Amino Acid Pairwise Composition
As shown in Figure 5, the blue pixels mean this dipeptide is more likely to appear around ubiquitylated lysine than in non-ubiquitylated lysine, while the red means it is less likely to appear in ubiquitylated fragments than in the negative samples. The darker the color, the greater the difference. For the ubiquitination of plants, cysteine (C) is less often composed with other amino acids, such as glycine (G), methionine (M), serine (S), and tryptophan (W).
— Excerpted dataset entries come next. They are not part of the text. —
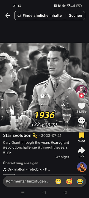 So scheint etwa die (Wieder-)Entdeckung und (Neu-)Vermittlung ‹al- ter› Filmstars nur dann zu gelingen, wenn sie ‹snackable›, d. h. leicht und schnell konsumierbar ist. Eine ‹Werkschau› zum Schauspieler Cary Grant ist dann kaum länger als eine Minute und rast streng chronologisch und jahresweise durch seine Filmrollen und Fernsehauftritte (1932–1985) – ohne Nennung weiterer Eckdaten zu den jeweiligen Filmen (Abb. 1). Wie zahlreiche weitere Videos im gleichen Stil und zu anderen Schau- spieler:innen ist das TikTok unterlegt mit einem vorgeblichen «original sound», in diesem Fall schnell erkennbar als Madonnas ABBA-Coversong «Hung up», der zu Beginn immer wieder die Liedzeile «Time goes by so slowly» wiederholt. Die Videobeschreibung versammelt einige Hashtags zur Markierung des ‹Genres› (#throughtheyears) und des aktuellen platt- formspezifischen ‹Trends›, dem die Creator:in @starevolution1 das Video hinzufügen möchte (#evolutionchallenge), sowie zur möglichst breiten Streuung auf der «For You Page» der User:innen (#fyp). 2
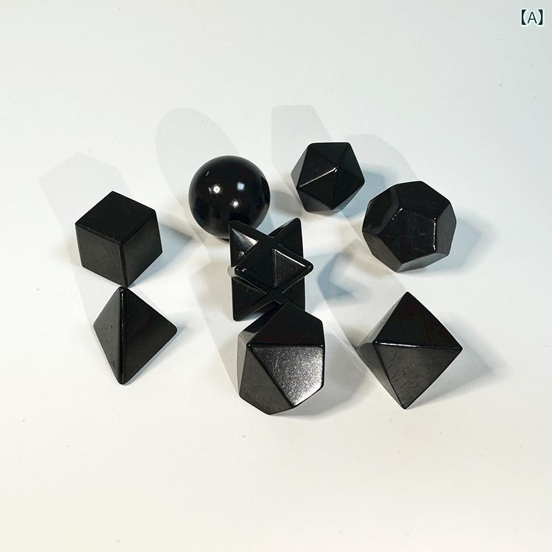 天然石 置物 ロシア産 シュンガイト メルカバ 立体 幾何学模様 宝石 水晶 ブラック 8点セット 瞑想 ヒーリング インテリア オブジェ 飾り
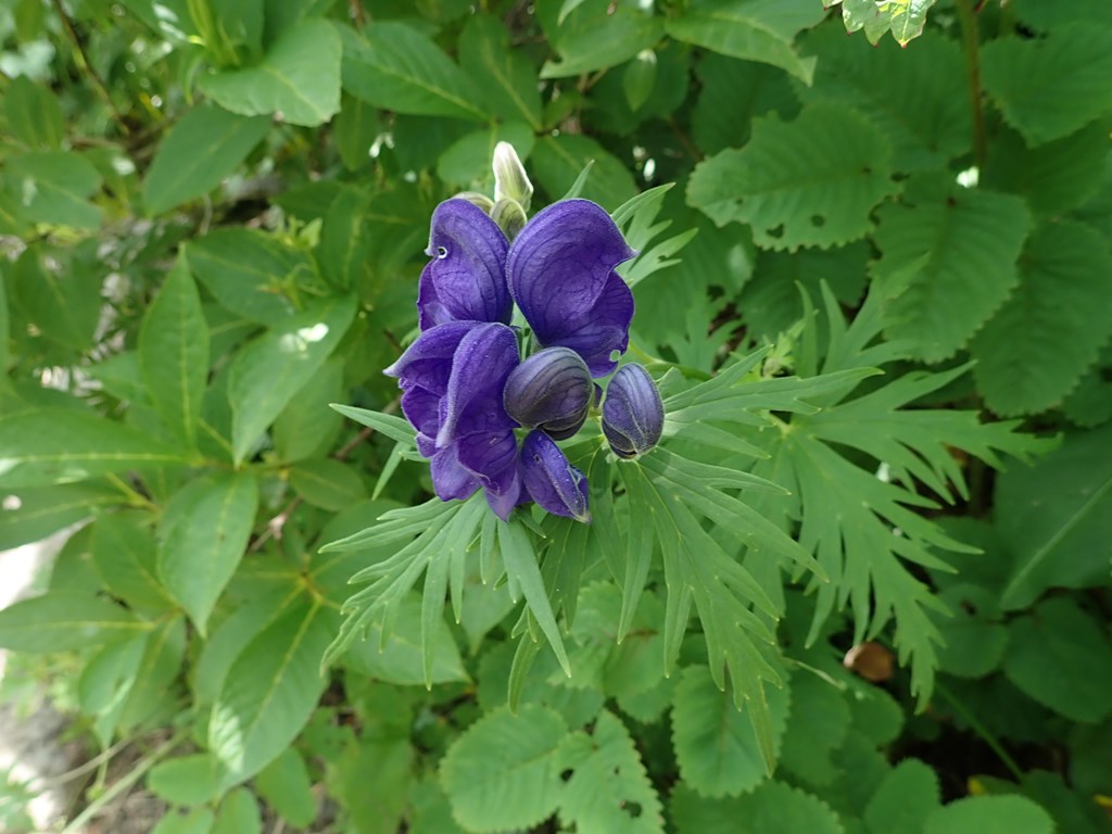 ダイセツトリカブト 青系 2022.08.23 (キンポウゲ科)(季節)8月(特徴)(付記)大雪山山には他にエゾホソバトリカブトがあり、違いは花柄と上萼片に開出毛と腺毛が生えるのが本種で、屈毛が生えるのがエゾホソバトリカブトである。 2022.8.6 白雲岳避難小屋近く

The Pr,s of these dipeptides are less than −0.75, which denotes that the distribution of these dipeptides presents obvious differences between the ubiquitylated and non-ubiquitylated fragments in the plant subset. In addition, the pairs that contain arginine (R), especially with alanine (A) and glutamic acid (E), are more likely to appear around the ubiquitylated lysine with Pr,s of more than 0.5. However, these phenomena above do not appear in the animal and fungus subsets. For the animal subset, the value of Pr,s for the majority of the amino acid combinations range from −0.25 to 0.25, which means that there are no obvious differences between the positive and negative samples, expect that tryptophan (W), combined with cysteine (C), and methionine (M), is less likely to appear in ubiquitylated peptides than in non-ubiquitylated samples. For the fungus subset, cysteine (C), combined with methionine (M), and histidine (H), as well as tryptophan (W), combined with cysteine (C), histidine (H), and phenylalanine (F), are less likely to appear in ubiquitylated peptides than in non-ubiquitylated samples. The Pr,s of these amino acid combinations are less than −0.7. The statistical differences of the AAPC feature between the ubiquitylated and non-ubiquitylated fragments show very different patterns in three different species.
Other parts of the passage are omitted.